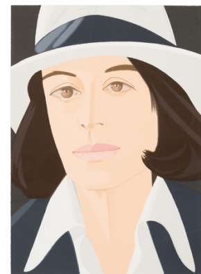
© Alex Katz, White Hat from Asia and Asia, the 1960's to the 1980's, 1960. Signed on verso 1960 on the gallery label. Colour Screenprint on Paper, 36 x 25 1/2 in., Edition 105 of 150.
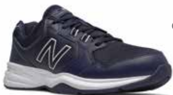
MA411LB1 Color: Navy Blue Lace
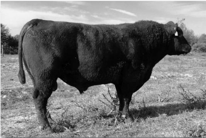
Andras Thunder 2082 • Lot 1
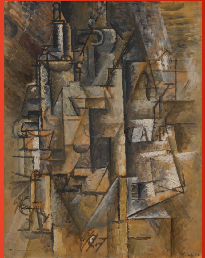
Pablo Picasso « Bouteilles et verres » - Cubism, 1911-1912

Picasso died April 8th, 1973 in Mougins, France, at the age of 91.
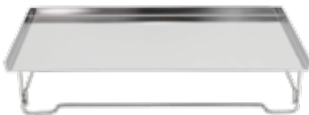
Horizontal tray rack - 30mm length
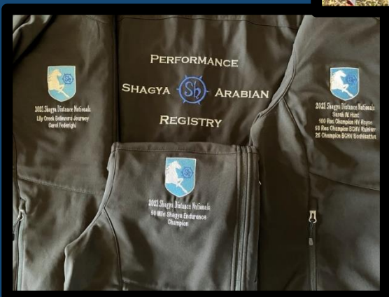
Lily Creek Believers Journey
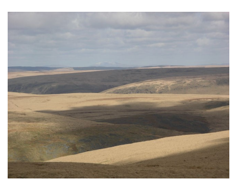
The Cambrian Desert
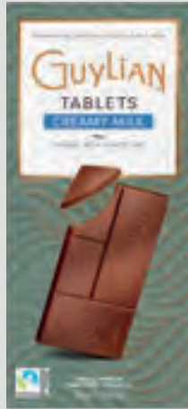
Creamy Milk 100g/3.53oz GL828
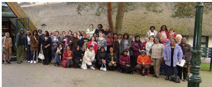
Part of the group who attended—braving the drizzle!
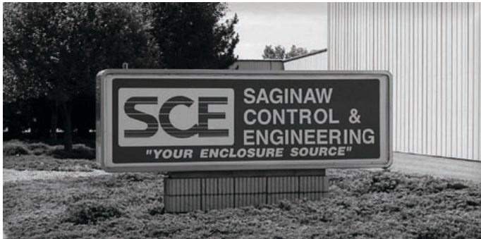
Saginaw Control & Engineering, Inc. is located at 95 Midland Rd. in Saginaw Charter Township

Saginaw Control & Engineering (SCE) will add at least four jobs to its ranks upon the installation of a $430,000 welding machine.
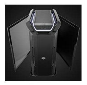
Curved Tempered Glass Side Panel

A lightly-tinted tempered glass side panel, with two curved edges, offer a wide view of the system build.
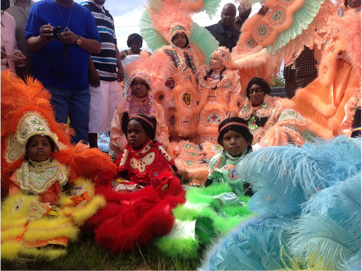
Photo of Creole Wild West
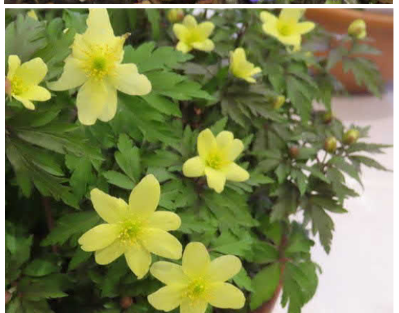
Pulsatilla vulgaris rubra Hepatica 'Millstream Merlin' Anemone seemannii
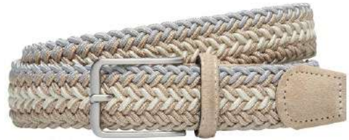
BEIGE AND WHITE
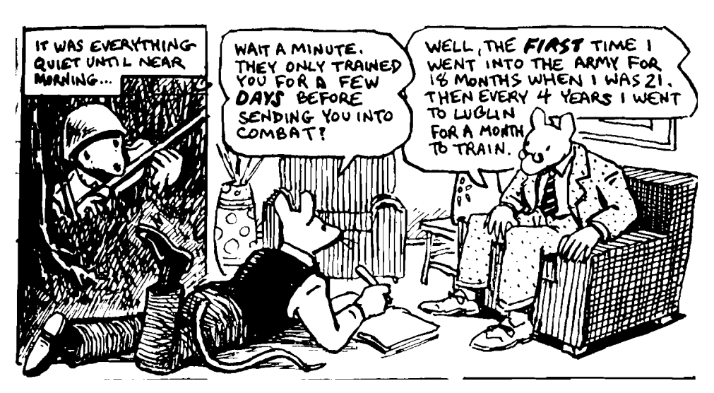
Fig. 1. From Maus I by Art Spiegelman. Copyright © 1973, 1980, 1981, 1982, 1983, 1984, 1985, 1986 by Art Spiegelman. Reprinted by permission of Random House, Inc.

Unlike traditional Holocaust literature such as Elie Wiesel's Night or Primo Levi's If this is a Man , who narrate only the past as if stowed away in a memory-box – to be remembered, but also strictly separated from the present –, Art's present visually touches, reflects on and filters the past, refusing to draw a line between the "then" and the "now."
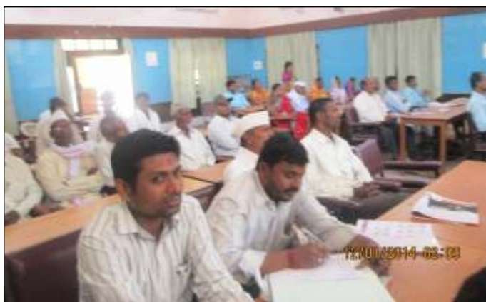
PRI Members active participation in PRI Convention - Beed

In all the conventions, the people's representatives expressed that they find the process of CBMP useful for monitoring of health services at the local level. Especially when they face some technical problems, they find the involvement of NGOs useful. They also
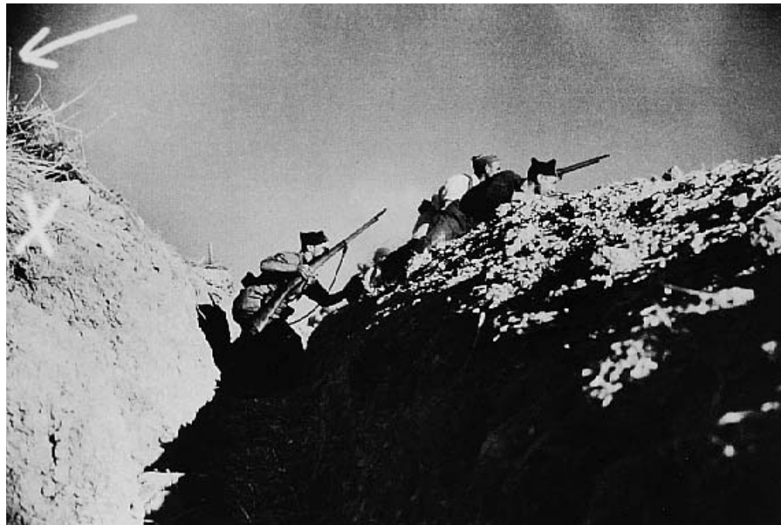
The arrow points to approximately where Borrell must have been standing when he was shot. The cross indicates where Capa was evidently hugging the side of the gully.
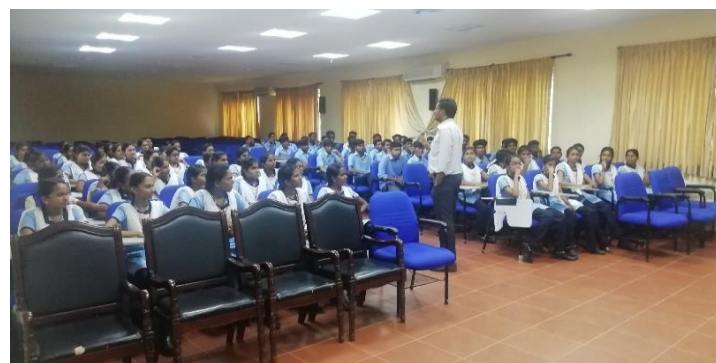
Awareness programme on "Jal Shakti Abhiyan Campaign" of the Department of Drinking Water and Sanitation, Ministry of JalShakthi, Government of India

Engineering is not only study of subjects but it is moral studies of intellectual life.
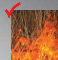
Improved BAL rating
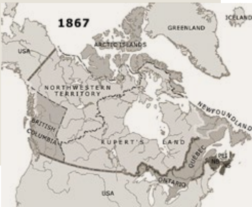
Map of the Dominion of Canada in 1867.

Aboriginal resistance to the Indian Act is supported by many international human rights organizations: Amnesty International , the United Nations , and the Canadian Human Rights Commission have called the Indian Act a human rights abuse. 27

━━━━

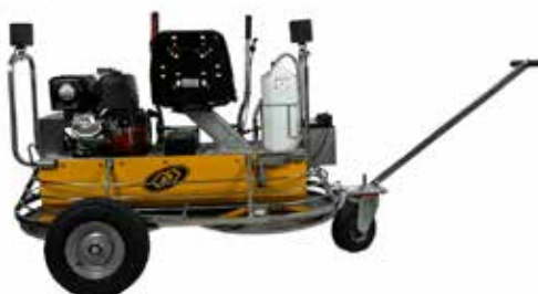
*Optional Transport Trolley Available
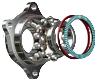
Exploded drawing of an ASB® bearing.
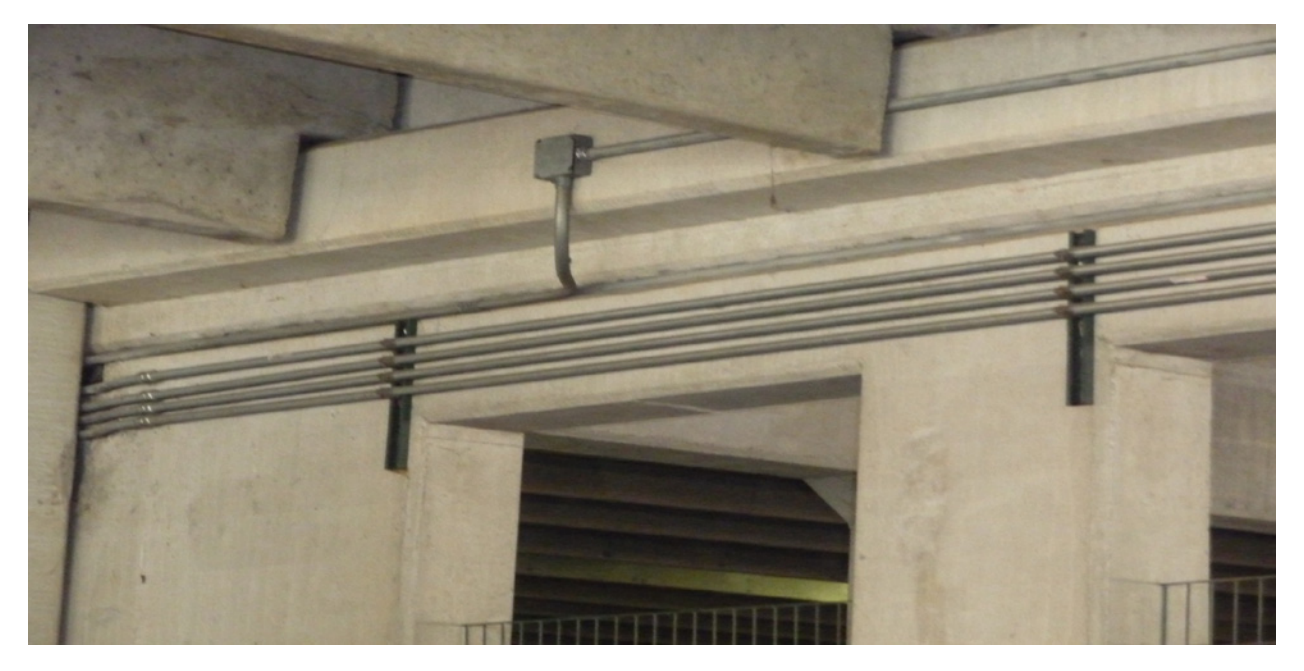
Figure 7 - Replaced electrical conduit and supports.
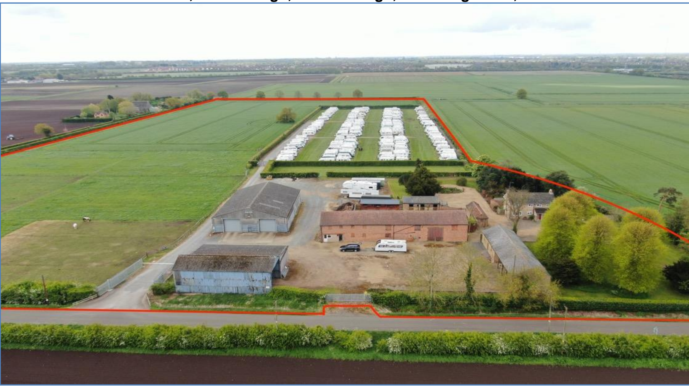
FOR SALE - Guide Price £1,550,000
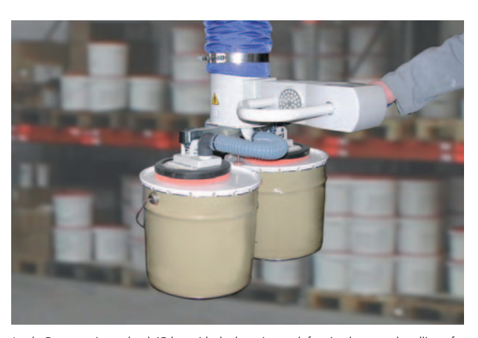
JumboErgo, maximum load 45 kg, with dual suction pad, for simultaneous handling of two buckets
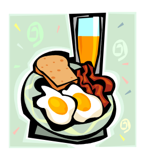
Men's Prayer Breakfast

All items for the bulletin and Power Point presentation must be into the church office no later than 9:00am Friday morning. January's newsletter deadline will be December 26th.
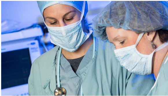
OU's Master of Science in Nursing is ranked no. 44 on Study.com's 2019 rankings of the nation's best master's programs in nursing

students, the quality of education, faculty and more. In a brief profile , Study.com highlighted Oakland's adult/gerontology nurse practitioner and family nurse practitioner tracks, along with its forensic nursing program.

━━━━

◆ Task instructions: Restate word for word the lines of the data above that begin at the line with "Unlike traditional Holocaust" and end at the line with "Aboriginal resistance to", keeping both ends and dropping every picture.

◆ Solution for this problem:
Unlike traditional Holocaust literature such as Elie Wiesel's Night or Primo Levi's If this is a Man , who narrate only the past as if stowed away in a memory-box – to be remembered, but also strictly separated from the present –, Art's present visually touches, reflects on and filters the past, refusing to draw a line between the "then" and the "now."
PRI Members active participation in PRI Convention - Beed

In all the conventions, the people's representatives expressed that they find the process of CBMP useful for monitoring of health services at the local level. Especially when they face some technical problems, they find the involvement of NGOs useful. They also
The arrow points to approximately where Borrell must have been standing when he was shot. The cross indicates where Capa was evidently hugging the side of the gully.
Awareness programme on "Jal Shakti Abhiyan Campaign" of the Department of Drinking Water and Sanitation, Ministry of JalShakthi, Government of India

Engineering is not only study of subjects but it is moral studies of intellectual life.
Improved BAL rating
Map of the Dominion of Canada in 1867.

Aboriginal resistance to the Indian Act is supported by many international human rights organizations: Amnesty International , the United Nations , and the Canadian Human Rights Commission have called the Indian Act a human rights abuse. 27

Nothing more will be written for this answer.